Beijing views the self-governing island of Taiwan as its own territory that must be reunited with mainland China.

"This is a broader geopolitical issue for Beijing that [it’s] watching as a bunch of countries on China’s periphery align more closely with the United States,” said Zack Cooper, former special assistant to the principal deputy undersecretary of defense for policy at the U.S. Defense Department.

“It’s South Korea [and] Japan. It’s India, Taiwan and the Philippines.

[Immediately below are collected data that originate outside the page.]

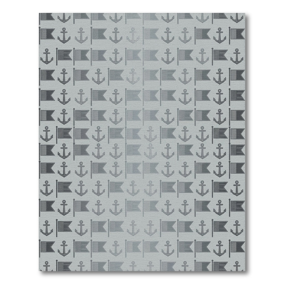 Flatwoven High Traffic Area Rug, Gray Nautical Anchor Flag Repeat Rug, Non Slip, Stain Resistant, Washable Area Rugs for Living Room, Bedroom Overview:
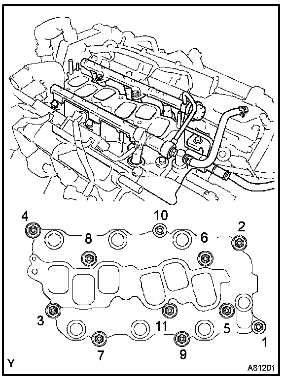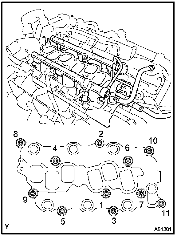 NOTE: In this case, fully tightening one of these bolts or nuts without partially tightening the other bolts or nuts in the group may damage the intake manifold, bolts and nuts.
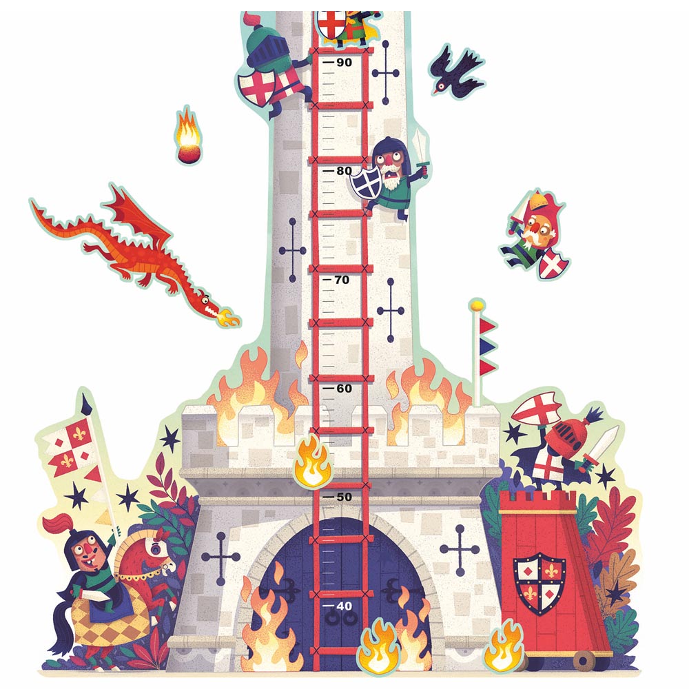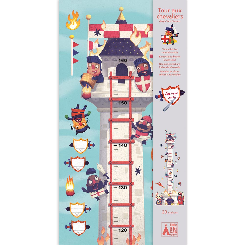 Hermosa y divertida tabla de altura de la torre del caballero de Djeco. ¿Qué tan alto eres hoy? esta divertida y adorable tabla de alturas es un accesorio hermoso y práctico para la habitación de los mas pequeños y pequeñas. El paquete incluye 29 pegatinas individuales y el gráfico mide hasta 160 cm.
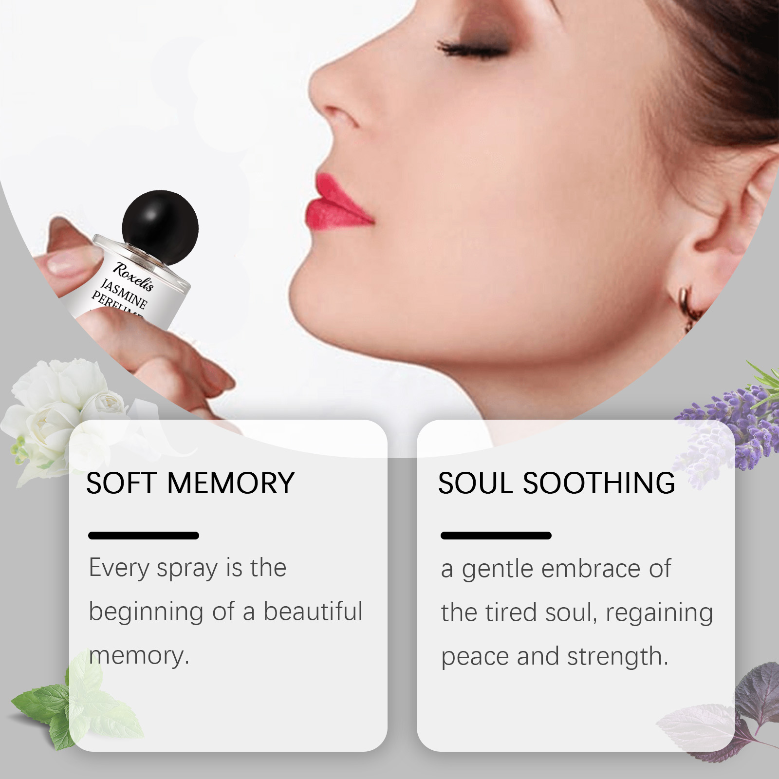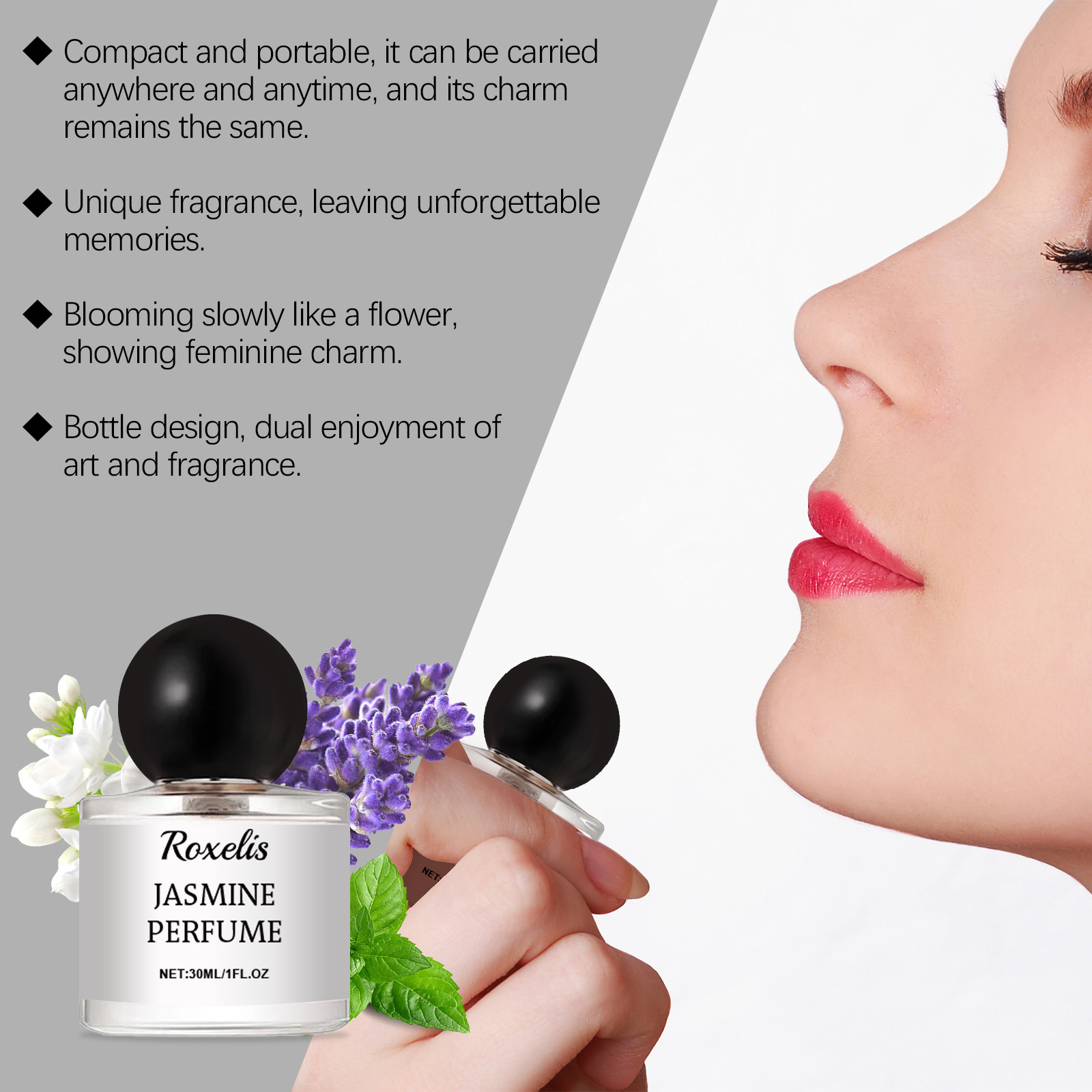 Our Romantic pair perfume (Jasmine) contains mint leaf extract, Perilla extract. It can be a gentle embrace of a tired soul, rediscovering peace and strength. The way to use it is simple: open the bottle. Press the nozzle and spray the perfume on your neck, wrists or other parts of your body. And the delicate flowers gently blowing, every step of the moving story.
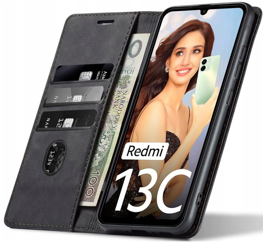 Xiaomi Redmi 13C, Etui skórzane z klapką magnetyczne 100% skóra
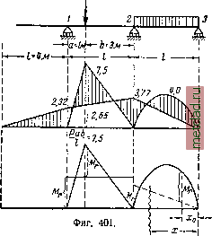 Главная --> Промиздат --> Коэффициент поперечной деформации § 151] ПРИМЕР Таким образом, при возможности разрушения промежуточного пролёта должны образоваться три пластических шарнира, моменты в которых будут одинаковы. Если бы на- р2п1 грузка была расположена -Л т на всех пролётах нашей ба-тки, то следовало бы рассмотреть возможность разрушения каждого из пролётов, построить соответствующие эпюры расчетных моментов (путём уравнивания их величин в опасных сечениях) и по- Т\ добрать W по наиболь-cJ \ шему из полученных М, В качестве примера загру- i зим трёхпролётную балку { i (фиг. 400) равномерной на- *jgj2 y qi2 грузкой q в среднем про- f г2 ff лёте и сосредоточенными силами Р = 2/ в середи- иг. 400. нах крайних пролётов. Определение расчётных моментов Mr для всех трёх пролётов показано на чертеже пунктиром; они равны ![]() M..=C; л. =; л-=- Подбор сечения балки следует вести по Моменту М;. = ; момент сопротивления равен 37j Подобным же образом q следует проводить расчёт /г-любой многопролётной не- разрезной балки, оценивая возможность разрушения каждого 413 пролётов. § 151. Пример. Пример 103. Подобрать двутавровое сечение по методу допускаемых напряжений и допускаемых нагрузок для трёхпролётной неразрезной балки (фиг. 401, а) постоянного сечения с равными пролётами / = 4 балка нагружена в среднем пролёте сосредоточенной силой Р = 10 т на расстоянии а = = 1 лс от левого конца среднего пролёта. Крайний правый пролёт загружён сплошной нагрузкой = 2 7/п(;г. лс; ![]() 472 РАСЧЁТ БАЛОК по ДОПУСКАЕМЫМ НАГРУЗКАМ [гЛ. iTXIV 1. Расчёт по допускаемым напряжениям. Составляем уравнения трёх моментов 2М,(/ + /) + Л1,/ = ->6(/ + ), -ёг( + ) + 4 Afi/ + 2Af2 (/ + /) = -6 Подставляя числовые значения, имеем: 16Af 1 + 4Af2 = - (4 + 3) 52,5, AM, + 1Ш, = ~ (4 + 1) = - 69,5; откуда Afi = - 2,32 тм\ Afa = - 3,77 тм. Ординаты эпюр моментов для основной системы под грузом и посредине крайнего правого пролёта = 7,5 тм\ Мд : Эпюра изгибающих моментов показана на фиг. 401, б. Наибольший изгибающий момент шах = 7,50 - 2,65 = 4,85 тм, М = 303 см\ Необходимо поставить двутавр N2 24а с \ = 317 см. 2. Расчёт по допускаемым нагрузкам. Предельное состояние среднего пролёта будет при Расчётный момент в сечении под силой находим из уравнения: отсюда Условие прочности приводит к ответу: MrnW[<i] РаЬ 10000.100 . 300 Ш [а] - 2 . 400 . 1,16 . 1600 - Необходимо поставить двутавр Х2 20а с U = 203 см. Расчётный момент для крайнего пролёта определяется из условия, что Afjnax пролёте равен моменту на опоре; их величина и будет Mf, Выражение для М{х) при предельном состоянии имеет вид § 152] ОБЩИЕ понятия 473 Приравнивая производную от этого выражения нулю, находим абсциссу сечения с моментом, равным Л!,, Уравнение для определения Mr имеет вид М 9Lx -З.х- X -М -тах - у - у - -о - Подставляя числовые данные, имеем: Mr = 3,39 тм < = 3,75 тм. Сечение должно быть подобрано по Mr для среднего пролёта. Описанный способ расчёта неразрезных балок требует ряда оговорок и ограничений. Во-первых, он относится к статическим нагрузкам. Во-вторых, физическая картина разрушения балки и при статической нагрузке гораздо сложнее той, весьма упрощённой, схемы образования пластических шарниров, о которой речь шла выше. Пластическая деформация не сосредоточивается в одном сечении, а распространяется и по длине балки. Затем исчерпание грузоподъёмности может произойти не только за счёт пластических деформаций, а и за счёт потери устойчивости как всей балки в целом, так и листов сжатого пояса или стенки 
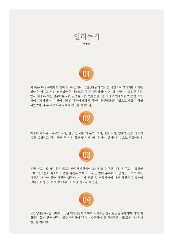 이 책은 우리 주변에서 흔히 볼 수 있거나, 국립생태원의 연구를 바탕으로 생태계에 커다란 영향을 미치고 있는 외래생물을 대상으로 종을 선정하였다. 본 책자에서는 포유류 5종, 양서·파충류 3종, 담수어류 7종, 곤충류 9종, 연체동물 1종 그리고 외래식물 26종을 포함 하여 기재하였다. 이 책에 기재된 각종에 대해서 최신의 연구내용을 바탕으로 내용이 작성 되었으며, 추후 지속해서 자료를 갱신할 예정이다. 각종에 대해서 국내유입 시기, 원산지, 국내·외 분포, 크기, 출현 시기, 형태적 특징, 생태적 특징, 유입경로, 먹이 생물, 국내·외 확산 및 피해사례, 위해성, 관리방안 순으로 작성하였다. 종별 분포자료 및 사진 자료는 국립생태원에서 조사하고 연구한 내용 위주로 수록하였 으며, 필자들이 확보하지 못한 사...

As these Chinese neighbors are pushing back against Beijing, the Chinese leadership is feeling more isolated. That’s creating this frustration in China” and causing it to “lash out in very critical ways,” said Cooper, now a senior fellow at the American Enterprise Institute.

China’s increasing military aggression in the Indo-Pacific has led the U.S. and its allies and partners to strengthen their ways to defend Taiwan and to maintain freedom of navigation in the region.

“From China’s point of view, President Yoon is expanding South Korea’s military reach — or seems to be — into the Taiwan Strait situation,” Wilder said.

Jiha Ham contributed to this report.